Since ARV medications themselves may be linked to IR, it is therefore critical that the selection of ART regimens is taken into account when deciding upon what ART regimens to initiate (or switch to) at the individual patient-level. Recent reports of the newly introduced integrase strand inhibitor dolutegravir (DTG), that is being rolled out to majority of individuals on ART being linked to increasing weight, are concerning and warrant further study.

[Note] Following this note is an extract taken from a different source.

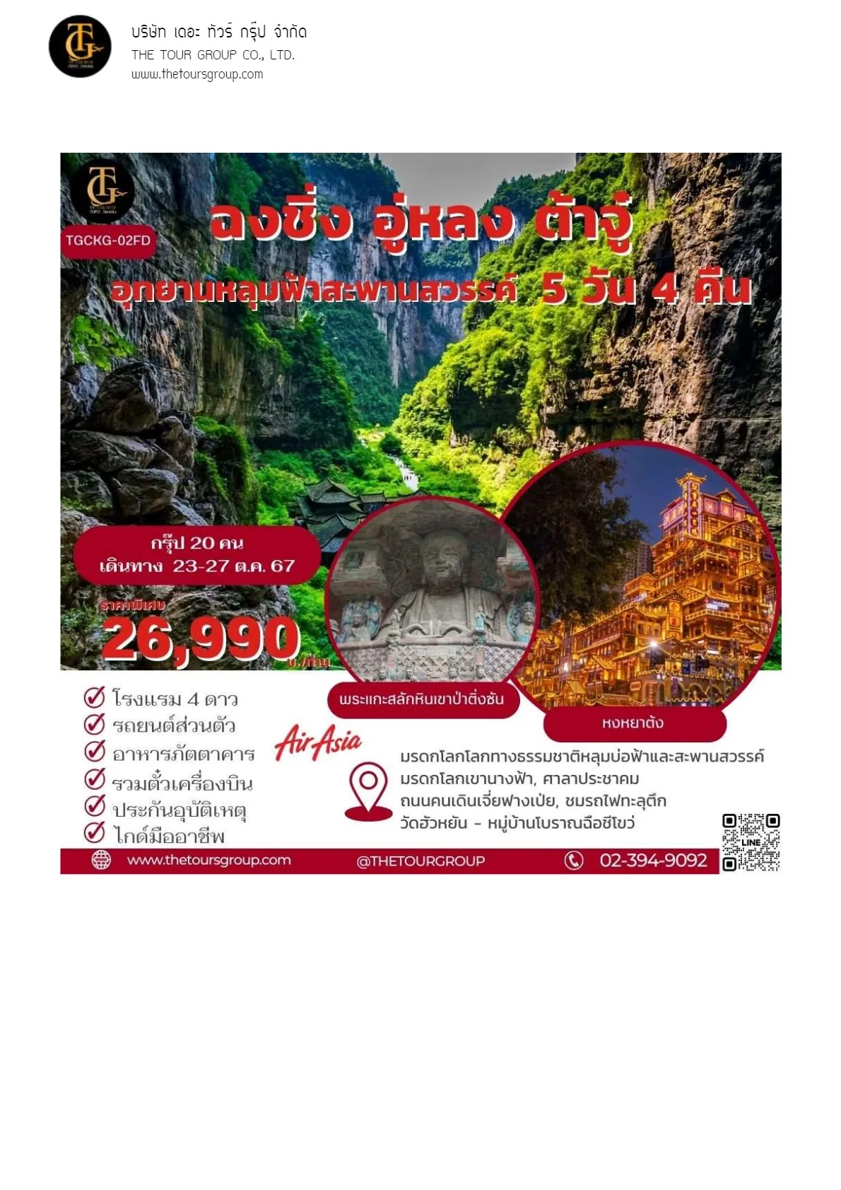 TGCKG-02FD ฉงชิ่ง อู่หลง ต้าจู๋ อุทยานหลุมฟ้าสะพานสวรรค์ 5D4N 23-27 OCT 24

Recently, Venter and group reported increased weight on DTG based therapy in south African HIV positive adults much more in female [47,48]. These recent data that Menard et al describe as “an unexpected bothering side effect” are worrisome as DM rates may increase independently of the metabolic syndrome and as a result there may be more intermediate-and longer-term risks associated with DTG exposure than previously elucidated [48-50]. Our study participants were not on DTG-based ART, thus we could not study these potential causal relationships and certainly additional studies are needed.

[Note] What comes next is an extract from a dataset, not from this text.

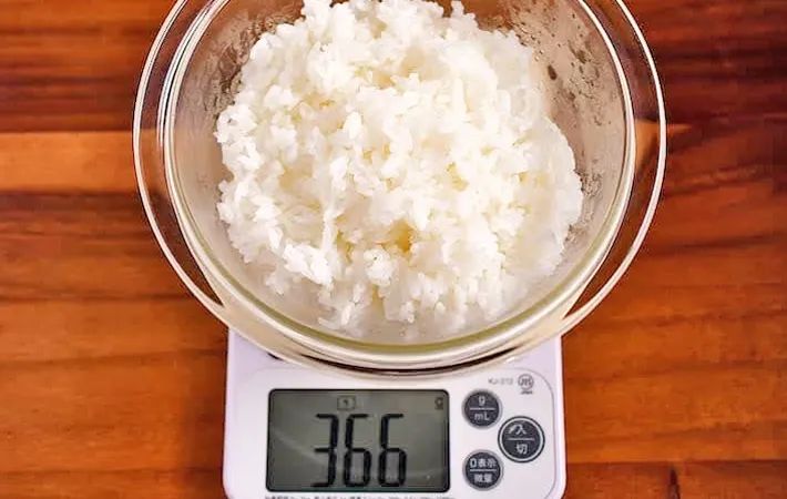 一方、豆腐を加えずに炊いた1合の米は、366gになりました。

Our study has several limitations. 1) This was a cross sectional study and thus we could not establish pre-treatment/baseline levels of IR in our population and other pre-treatment parameters such as viral load, HIVDR, visceral fat levels and anthropometric indices. 2) Our team did not have an HIV-negative control group or an HIV-positive, ART-naive group which would have helped to disentangle the role of HIV and ART exposure in the development of and progression of IR.

Conclusion

In summary, we have shown that insulin resistance rates in HIV-positive adults receiving ART for 1 year are high and associated with both non-viral suppression (viral load>20 copies/mL) and treatment failure (viral load>1,000 copies/mL). Insulin resistance was further associated with high inflammatory markers (hsCRP and TNF-α), visceral fat and obesity. These findings may have wider implications for a number of reasons:

Individuals with HIV are now living longer and are at high risk for NCDs including diabetes mellitus.

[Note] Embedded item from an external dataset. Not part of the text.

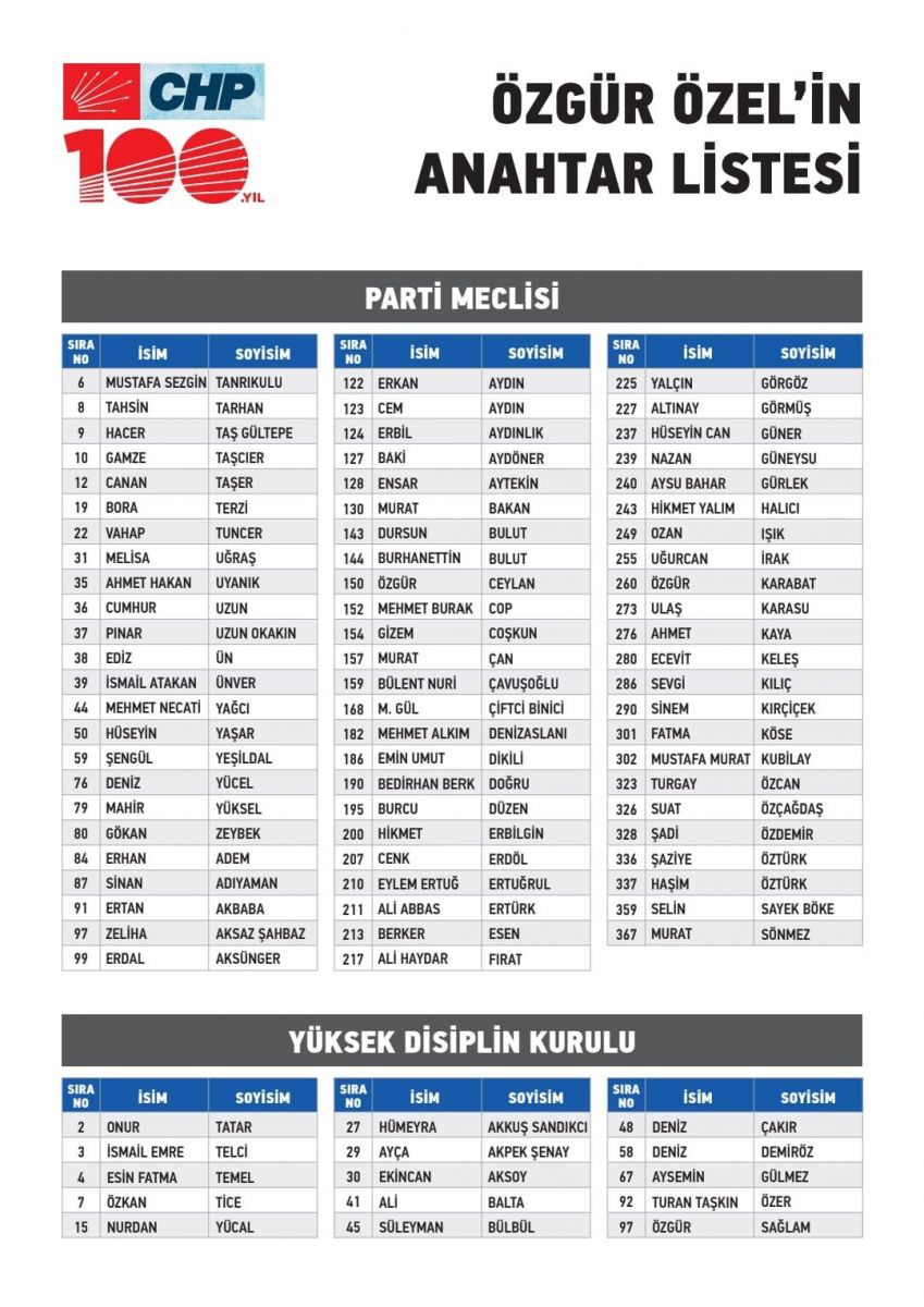 CHP Genel Başkanı Özgür Özel’in Parti Meclisi (PM) anahtar listesi belli oldu.

People Living with HIV (PLHIV) have systemic inflammation (as evidenced in this study), another factor associated with type 2 diabetes.

PLHIV may have lip dystrophic features with increasing obesity related to both HIV infection and ART exposure, both of which are related to incident type2 diabetes.

The wide scale introduction of DTG, with improved potency (i.e. higher viral suppression rates) and tolerability, may be associated with obesity which has been linked to IR and incident DM.